■ **YOUR TASK**:
For the material below, return exactly the lines starting at the one holding "右:ラ・ドゥース 税込831円 桃の果肉入りのソースと桃のやさしい甘みが広が" and ending at the one holding "Women’s Shirt Dress", counting both as part of the range.

■ **GIVEN RECORDS**:
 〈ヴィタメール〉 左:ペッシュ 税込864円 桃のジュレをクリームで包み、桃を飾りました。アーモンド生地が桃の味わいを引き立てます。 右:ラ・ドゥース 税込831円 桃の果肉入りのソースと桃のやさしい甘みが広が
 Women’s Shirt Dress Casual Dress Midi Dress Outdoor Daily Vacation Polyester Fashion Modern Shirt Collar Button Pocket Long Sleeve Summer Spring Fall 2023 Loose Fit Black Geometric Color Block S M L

---

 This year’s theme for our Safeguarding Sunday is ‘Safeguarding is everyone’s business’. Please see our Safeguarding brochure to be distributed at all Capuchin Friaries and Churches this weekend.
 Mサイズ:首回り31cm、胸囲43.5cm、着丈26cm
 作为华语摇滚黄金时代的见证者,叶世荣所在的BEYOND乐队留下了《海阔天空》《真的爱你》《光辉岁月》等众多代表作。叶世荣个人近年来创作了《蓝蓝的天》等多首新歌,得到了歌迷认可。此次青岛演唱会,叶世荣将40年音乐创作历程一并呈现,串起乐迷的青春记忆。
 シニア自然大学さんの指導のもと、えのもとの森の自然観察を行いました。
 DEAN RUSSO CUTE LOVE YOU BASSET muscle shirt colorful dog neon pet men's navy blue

■ **YOUR RESPONSE**:
 〈ヴィタメール〉 左:ペッシュ 税込864円 桃のジュレをクリームで包み、桃を飾りました。アーモンド生地が桃の味わいを引き立てます。 右:ラ・ドゥース 税込831円 桃の果肉入りのソースと桃のやさしい甘みが広が
 Women’s Shirt Dress Casual Dress Midi Dress Outdoor Daily Vacation Polyester Fashion Modern Shirt Collar Button Pocket Long Sleeve Summer Spring Fall 2023 Loose Fit Black Geometric Color Block S M L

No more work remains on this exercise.